When distraction was introduced, CL performed significantly worse. This suggests that using the conventional 2D monitor does not help with blocking out distraction. For Tasks 2 and 3, which require more precision and depth perception, the groups that used the 3D optics had shorter mean deviations than groups that used the conventional 2D monitor. This suggests that even when the robotic arms of the da Vinci are removed, there are still advantages to the immersive 3D optics, especially when distraction is present.
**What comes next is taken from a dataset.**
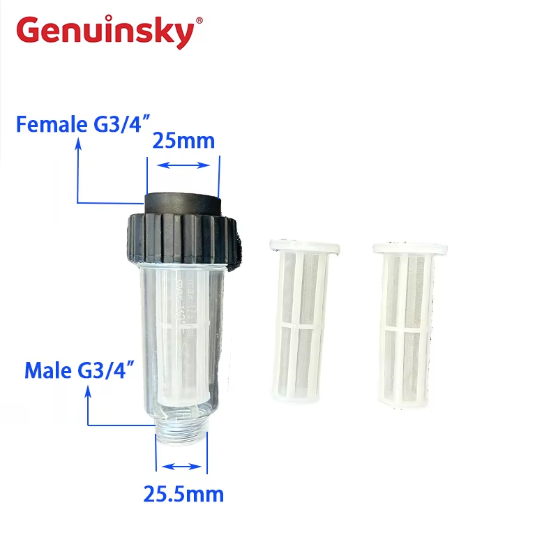 Dieser Wasserfilter für Karcher hat zwei Filternetze. Ein Ende ist ein weibliches G3/4 ", und der Durchmesser beträgt 25 mm. Das andere Ende ist männlicher G3/4" mit einem Durchmesser von 25,5 mm. Ningbo Genuinsky Company ist ein Unternehmen, das sich auf die Produktion von Accessoires für Autoreinigungen spezialisiert hat. Das Unternehmen integriert Fertigung, Entwicklung und Verkauf. Es verfügt über einen intimen After-Sales-Service, eine hervorragende Qualität und den Vorzugspreis. Im Laufe der Jahre hat es angenehme Transaktionen mit vielen Unternehmen durchgeführt. Sie können sicher sein, dass Sie es kaufen.

The immersive aspect of the 3D optics may help improve performance in the OR, allowing surgeons to be more focused on the case and have greater depth acuity.

摘要

简介

研究表明,由于机器人辅助腹腔镜手术(RL)具有机械优势,因此与传统腹腔镜手术(CL)相比,其手术表现更好,但尚未评估干扰是否为一个因素。为了确定 RL 中 3D 光学的沉浸式方面是否有助于提高手术表现,我们比较了仅使用达芬奇的 3D 光学与使用和不使用干扰的传统 2D 监视器进行腹腔镜技能的结果。

方法

32 名没有任何腹腔镜经验的参与者被平均随机分为四组:RL、机器人辅助腹腔镜手术加干扰(RL+D)、CL 和常规腹腔镜手术加干扰(CL+D)。每组参与者完成三项腹腔镜手术基本技能任务[钉转移(任务 1)、圆圈切割(任务 2)和打结缝合(任务 3)],每个任务重复三次。记录每个任务的平均时间和错误,并对每组数据进行统计分析。

结果

与其他组相比,CL+D 在完成任务 1 时平均多花了 1 分钟(P=0.001),完成任务 2 时多花了 1 分钟以上(P=0.003),完成任务 3 时多花了 2 分钟以上(P<0.001)。在任务 2 中,与 CL 和 CL+D 相比,RL 和 RL+D 的偏离模式更短(分别为 0.33cm 和 0.37cm 与 0.55cm 和 0.58cm,P<0.001)。在任务 3 中,RL 和 RL+D 的偏差也比 CL 和 CL+D 短(分别为 0.23mm 和 0.24mm 与 0.61mm 和 0.63mm,P<0.001)。

结论

当引入干扰时,CL 的表现明显变差。这表明使用传统的 2D 显示器并不能帮助消除干扰。对于需要更高精度和深度感知的任务 2 和任务 3,使用 3D 光学的组的平均偏差比使用传统 2D 显示器的组短。这表明,即使达芬奇的机械臂被移除,沉浸式 3D 光学仍具有优势,尤其是在存在干扰的情况下。3D 光学的沉浸式方面可能有助于提高手术室的手术表现,使外科医生更专注于手术,并具有更高的深度感知能力。